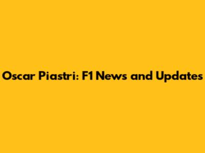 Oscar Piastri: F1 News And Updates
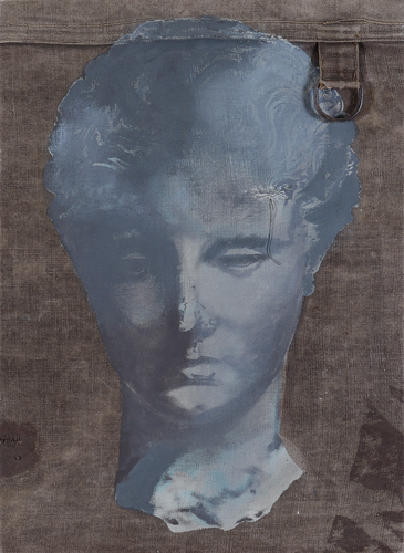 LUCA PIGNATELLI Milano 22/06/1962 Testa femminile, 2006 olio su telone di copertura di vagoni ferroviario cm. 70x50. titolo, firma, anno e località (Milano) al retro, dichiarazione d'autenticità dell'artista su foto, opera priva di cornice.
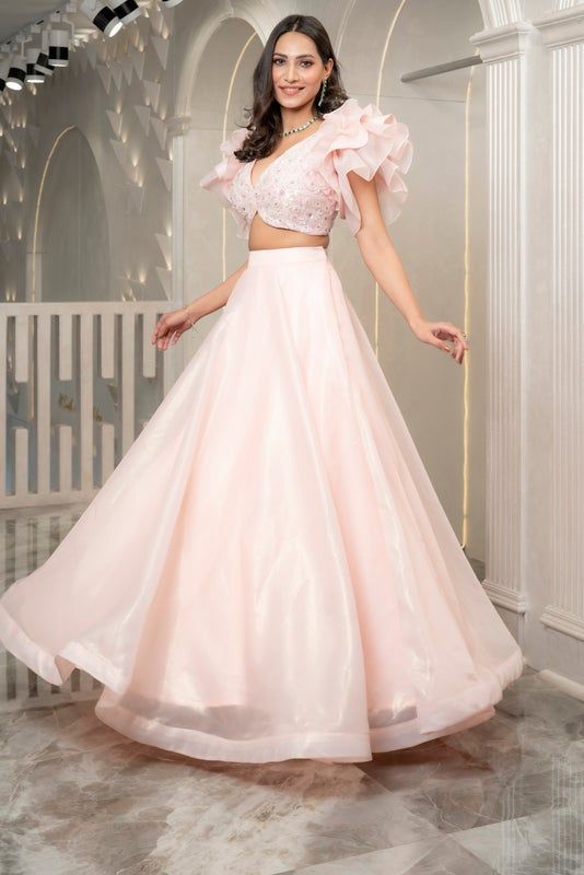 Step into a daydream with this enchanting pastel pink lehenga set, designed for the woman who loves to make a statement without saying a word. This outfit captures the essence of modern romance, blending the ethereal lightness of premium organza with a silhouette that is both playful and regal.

---

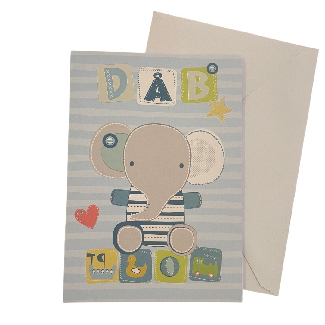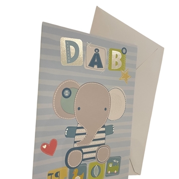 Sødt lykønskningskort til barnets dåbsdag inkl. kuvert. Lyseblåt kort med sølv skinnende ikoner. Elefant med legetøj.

> TASK OBJECTIVE:
Everything above from the line containing "Oscar Piastri: F1 News And Updates" through the line containing "LUCA PIGNATELLI Milano" must be repeated exactly, and the pictures must be left out.

> ANSWER SECTION:
 Oscar Piastri: F1 News And Updates
 LUCA PIGNATELLI Milano 22/06/1962 Testa femminile, 2006 olio su telone di copertura di vagoni ferroviario cm. 70x50. titolo, firma, anno e località (Milano) al retro, dichiarazione d'autenticità dell'artista su foto, opera priva di cornice.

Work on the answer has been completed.